AVAILABLE DATA »
--- START ---
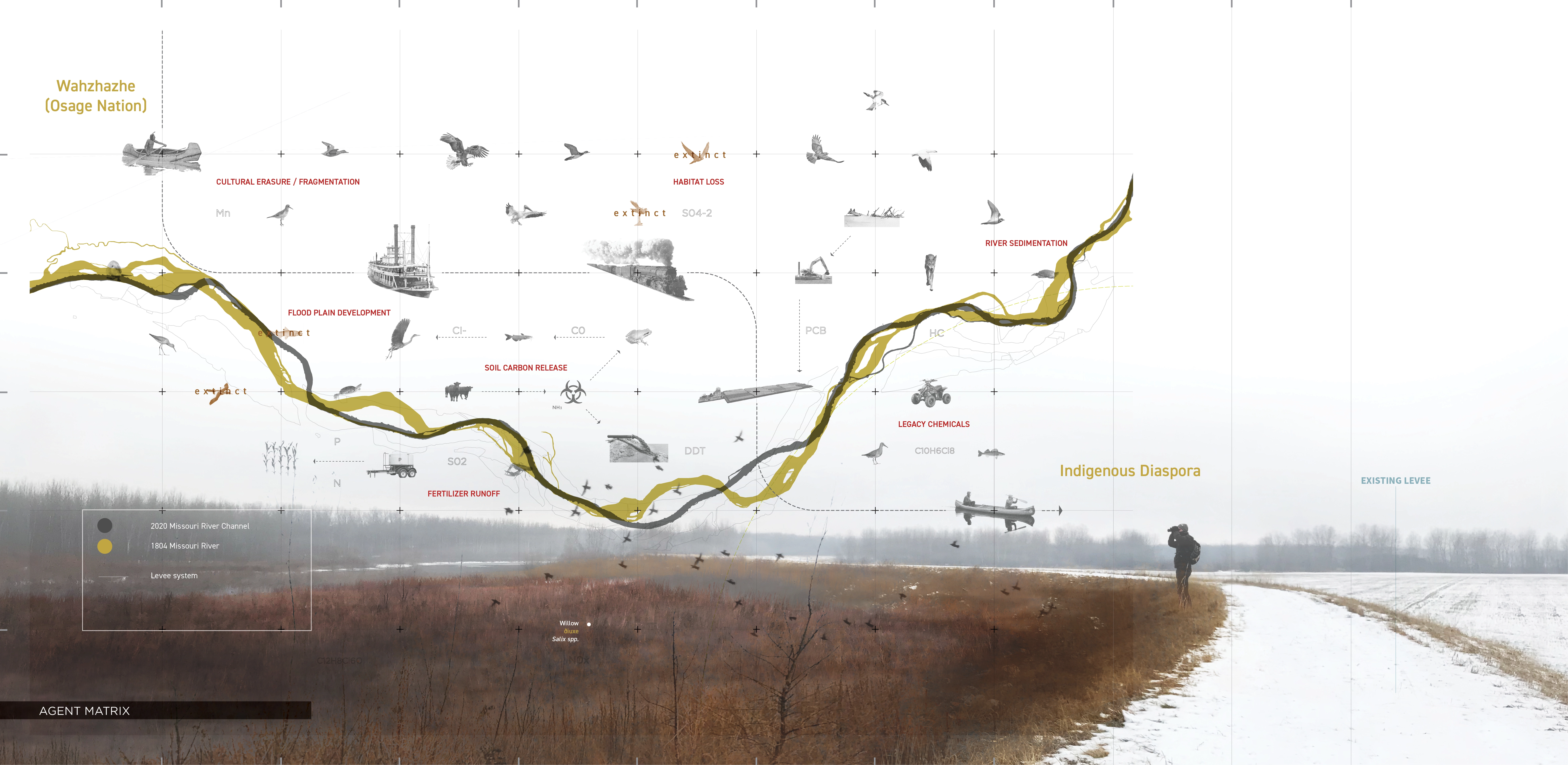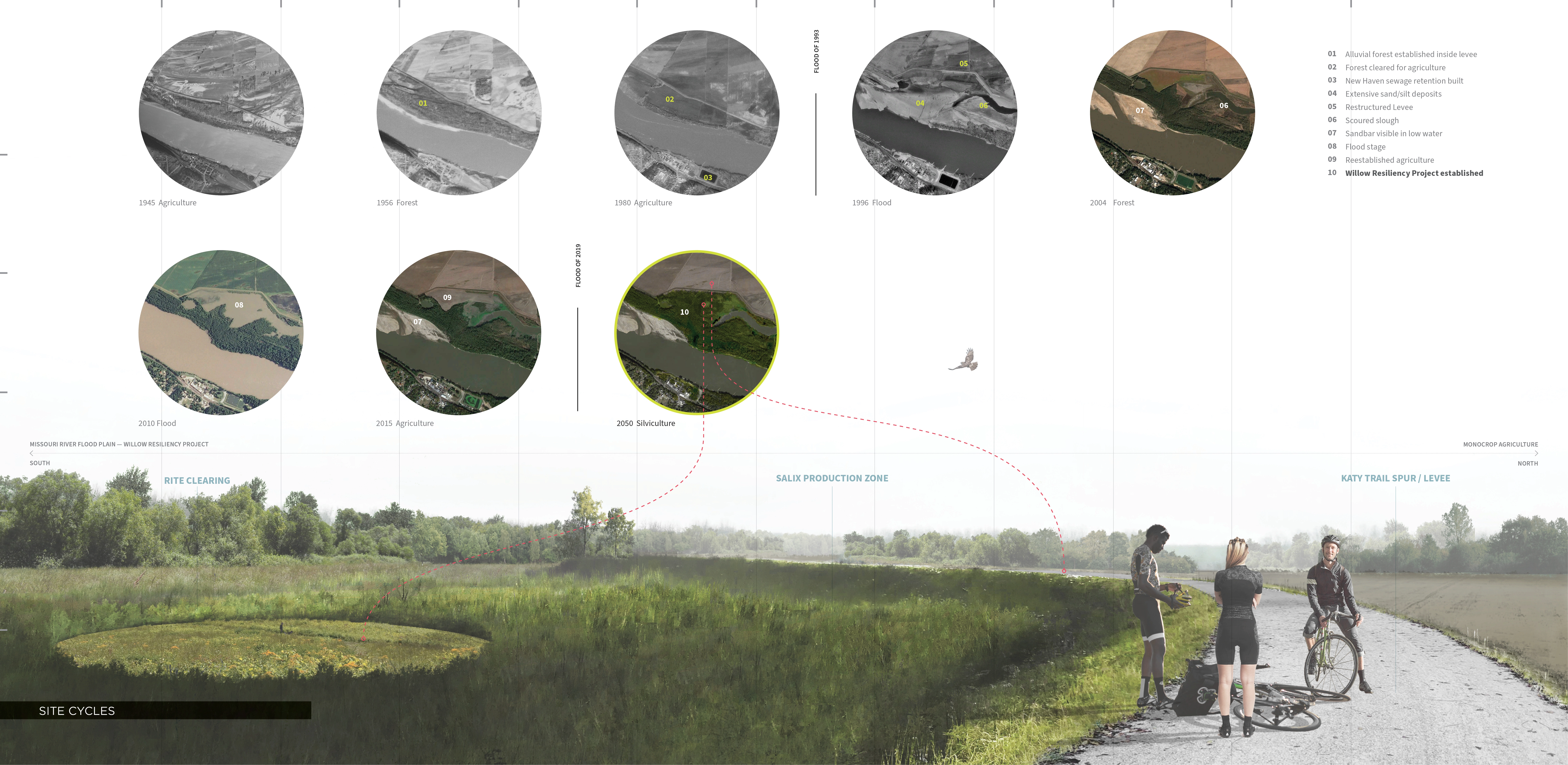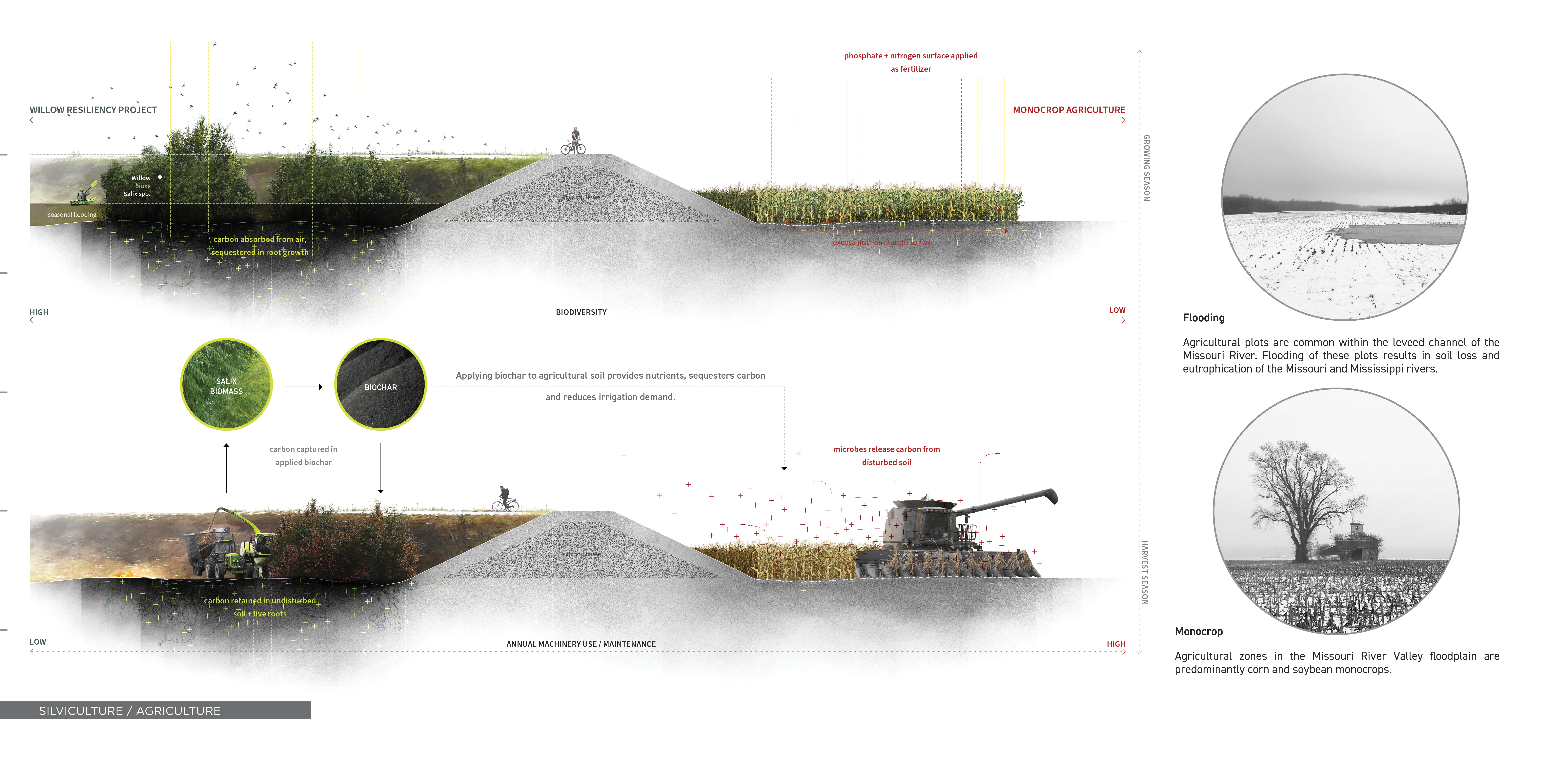 The Willow Resiliency Project proposes a biomass industry cooperative between rural communities and repatriated indigenous populations of the Lower Missouri River Valley. Hybridized program of production, research, and recreation expand the typology of rural public space and create opportunity for unconventional interactions between people, ecology, and place. The project calls for establishing an interspecies salix biomass crop within the river’s flood zone, and has integrated aspirations of ecological restoration, knowledge production, regional economic sustainability, and the advancement of social equity. When harvested and burned in a low-oxygen environment, willow cuttings are converted to biochar, a soil ameliorant that sequesters carbon, benefits agricultural crop yields and reduces irrigation demands in silt / sand soil profiles. In acknowledgment of the indigenous practice of utilizing fire for landscape management, the annual fire-rite festival marks the beginning of burn season and celebrates the interdependent nature of landscape and rural culture in the Missouri River Valley.
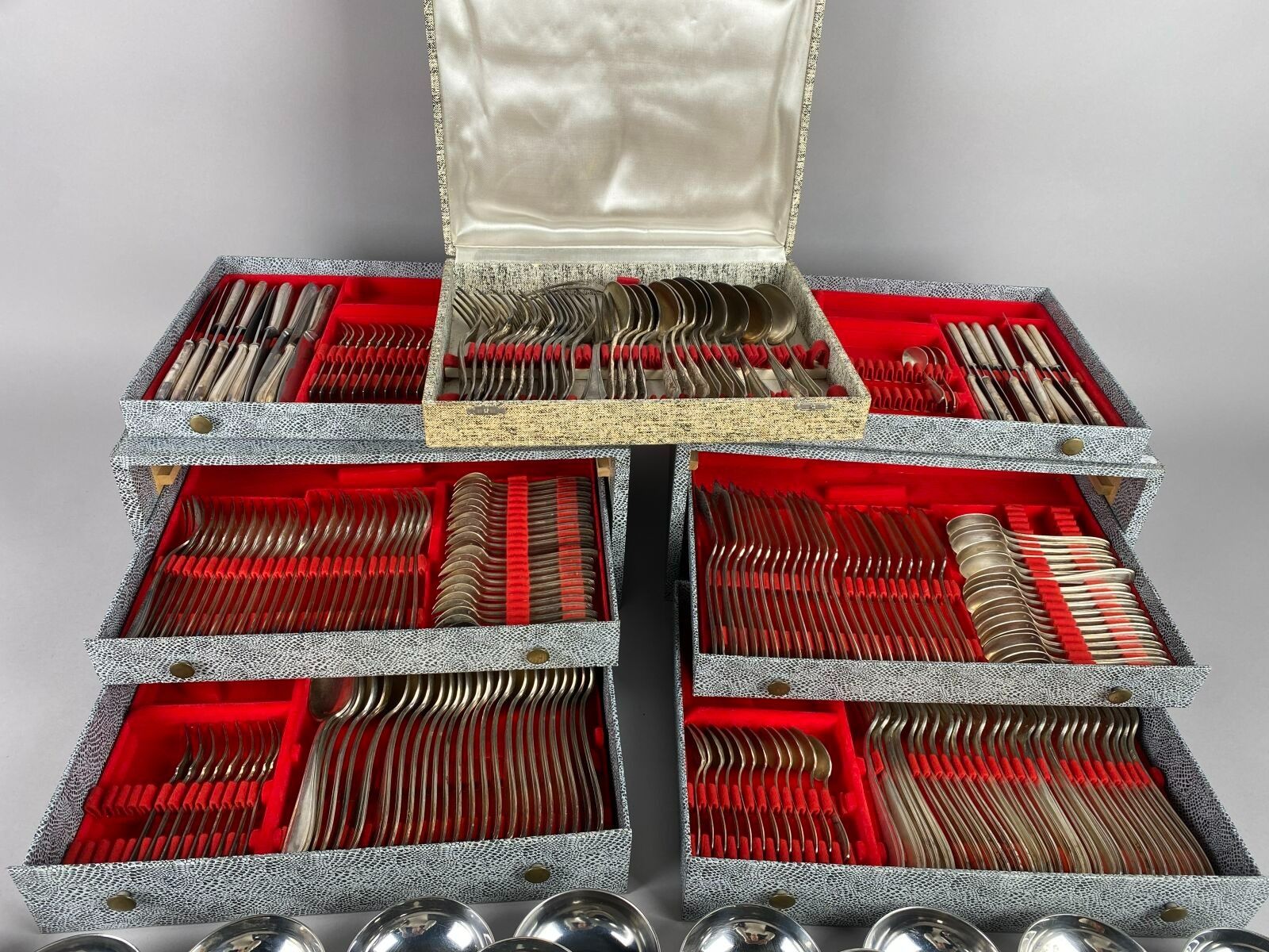 LOT OF SILVER METAL: a case containing large cutlery and a meat fork (two different models); two incomplete cases containing large cutlery, fish and meat cutlery, etc... filet contour model.
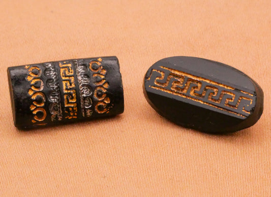 Greek Key Gold Black Antique Glass Button Various 10-20mm
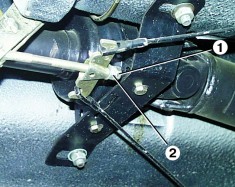 3. Откручиваем контргайку №1 и отпускаем регулировочную гайку №2 уравнителя, тем самым ослабив с соответствующей стороны натяжения троса привода стояночного тормоза.
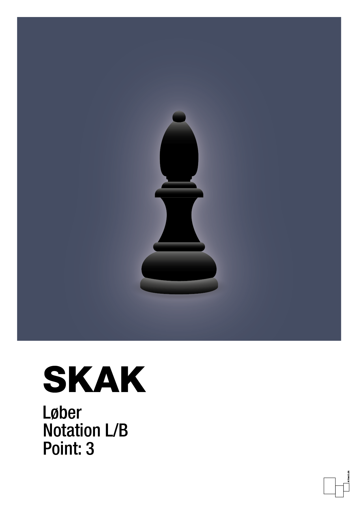 Denne stilrene skak plakat hylder en af spillets mest elegante brikker: løberen. Den ikoniske silhuet står skarpt i centrum, omgivet af en rolig, grafisk baggrund, der får den sorte spillebrik til at fremstå både kraftfuld og minimalistisk. Under motivet finder du tydelig typografi med titel, briktype, notation og point – perfekt til den, der elsker både skak og design.
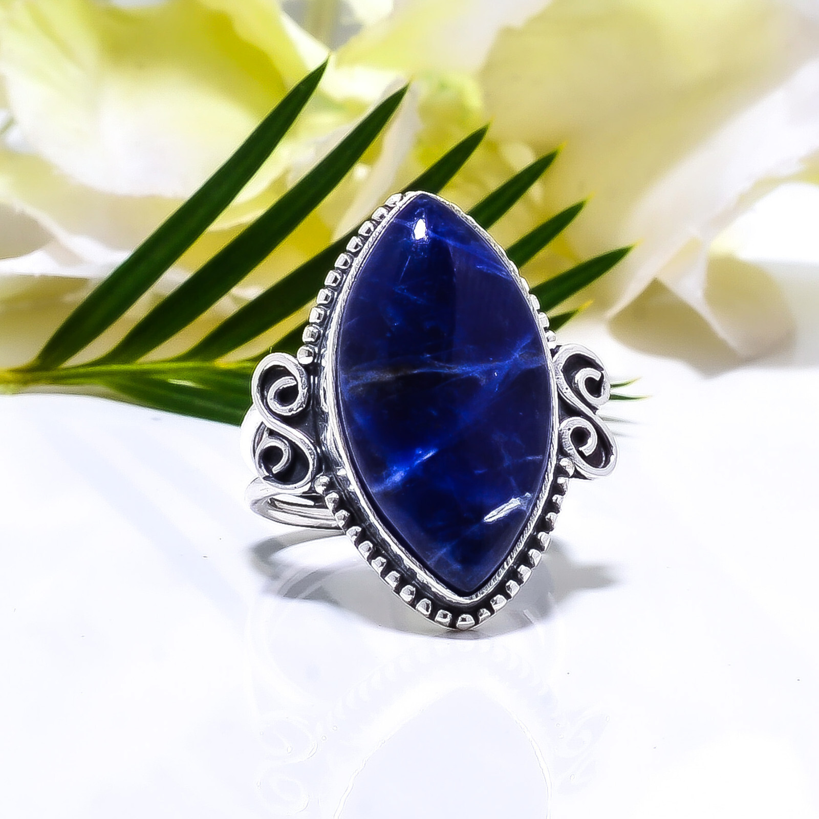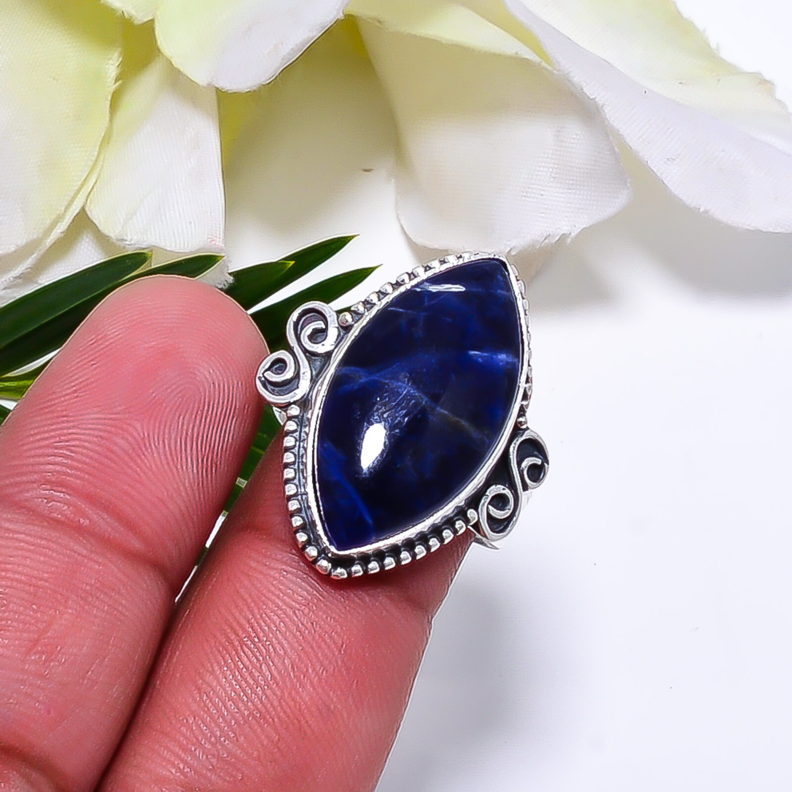 Natural Blue Sodalite Gemstone 925 Sterling Silver Ring Oxidize Jewelry Gift.
--- END ---
ABOUT THIS TASK »
Each record above has to be written out again in full, but its pictures must not be.

SOLUTION TO THE EXERCISE »
 The Willow Resiliency Project proposes a biomass industry cooperative between rural communities and repatriated indigenous populations of the Lower Missouri River Valley. Hybridized program of production, research, and recreation expand the typology of rural public space and create opportunity for unconventional interactions between people, ecology, and place. The project calls for establishing an interspecies salix biomass crop within the river’s flood zone, and has integrated aspirations of ecological restoration, knowledge production, regional economic sustainability, and the advancement of social equity. When harvested and burned in a low-oxygen environment, willow cuttings are converted to biochar, a soil ameliorant that sequesters carbon, benefits agricultural crop yields and reduces irrigation demands in silt / sand soil profiles. In acknowledgment of the indigenous practice of utilizing fire for landscape management, the annual fire-rite festival marks the beginning of burn season and celebrates the interdependent nature of landscape and rural culture in the Missouri River Valley.
 LOT OF SILVER METAL: a case containing large cutlery and a meat fork (two different models); two incomplete cases containing large cutlery, fish and meat cutlery, etc... filet contour model.
 Greek Key Gold Black Antique Glass Button Various 10-20mm
 3. Откручиваем контргайку №1 и отпускаем регулировочную гайку №2 уравнителя, тем самым ослабив с соответствующей стороны натяжения троса привода стояночного тормоза.
 Denne stilrene skak plakat hylder en af spillets mest elegante brikker: løberen. Den ikoniske silhuet står skarpt i centrum, omgivet af en rolig, grafisk baggrund, der får den sorte spillebrik til at fremstå både kraftfuld og minimalistisk. Under motivet finder du tydelig typografi med titel, briktype, notation og point – perfekt til den, der elsker både skak og design.
 Natural Blue Sodalite Gemstone 925 Sterling Silver Ring Oxidize Jewelry Gift.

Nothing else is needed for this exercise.